In the 2017 offering, Apollonov and Vulovic get haircuts (but not state-sanctioned ones) and show candid shots of locals having fun dancing, doing karaoke and splashing around a water park.

Vulovic says this is how YouTube can create change.

"Culturally, there's this embrace of leftism I haven't seen in a long time - for young people, it's kind of cool to talk about socialism but then no one's actually doing anything in terms of government around the world.

"If there's a wider base of people who understand each other, then politicians making decisions have to contend with the fact there are more people who believe in something. There's more people who are upset about war."

Despite their pacifist convictions, both men have had run-ins with the law.

They've been banned for life from Star Entertainment Group casinos after exposing the company in 2021 for ignoring pandemic restrictions, with Apollonov permitted entry to its Sydney premises despite a high fever and Vulovic admitted in a hospital gown.
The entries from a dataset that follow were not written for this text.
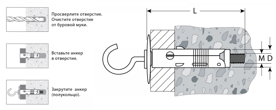 • Мин. усилие вырывания (бетон В25), кгс: 600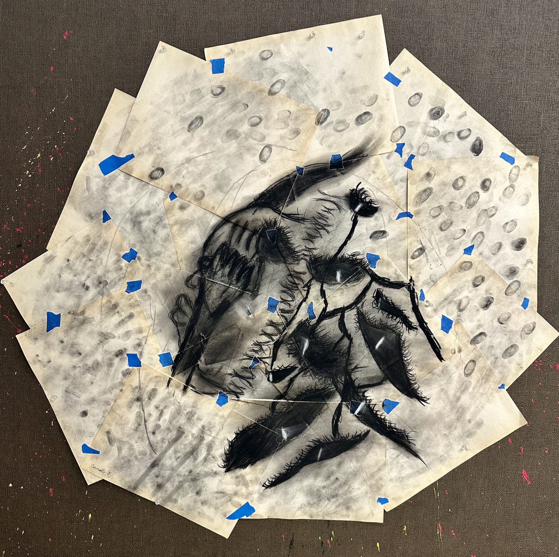 Materials: Newsprint, painters tape, charcoal, and white graphite.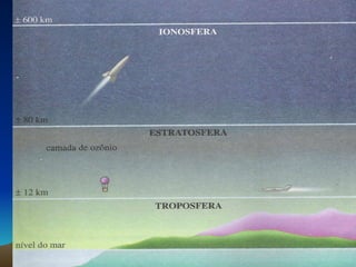 O documento descreve as camadas da atmosfera terrestre, os principais gases que as compõem e os poluentes que afetam cada camada. Também discute os efeitos da poluição atmosférica, como o efeito estufa e o buraco na camada de ozônio, além das ações para reduzir a emissão de poluentes.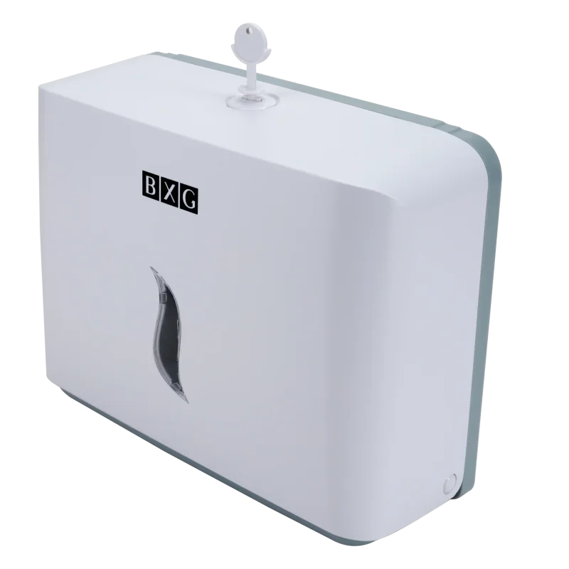 BXG-PD-8025 NEW – предназначен для дозированной подачи листовых бумажных полотенец. Подходит для использования в туалетных комнатах средней и большой проходимости.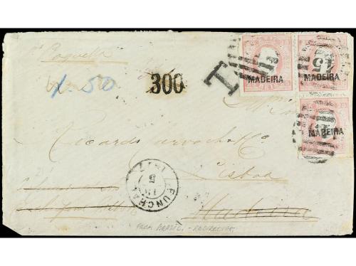 PORTUGAL: MADEIRA. Mu. 17. 1877. Sobre procedente de Brasil sin franqueo y circulada por el correo inglés vía Liverpool a Madeira vía Lisboa y allí redirigida otra vez a Lisboa con franqueo de tres sellos de 25 reis habilitados MADEIRA. La carta fue tasada con 300 reis que una vez fueron pagados se anularon para no ser cobrados otra vez al ser redirigida a Lisboa, algunos defectos. Muy interesante combinación.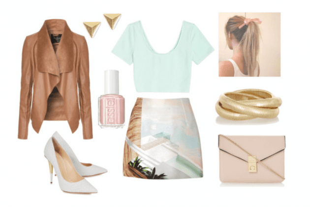 Si prefieres un look moderno y sensual, este Look Leather Nude es ideal. Combina una minifalda estampada con un crop top liso, una chaqueta de cuero marrón y unos zapatos de tacón blancos.

Earlier this year, police turned up at Apollonov's mother's home in search of a supersonic tampon gun he made five years ago.

"They proceeded to search my garage but my mum was so hospitable, she was like, 'I'm not hiding for Alex when he keeps making these stupid things'," Apollonov says.

But these brief encounters won't stop them, with plans to sneak into sweatshops and build powerful exoskeletons currently in the works.

"There's a limit to what you can do as a content creator. You're not really going to be making big changes but I try to point towards ways people can use their work or money," Vulovic says.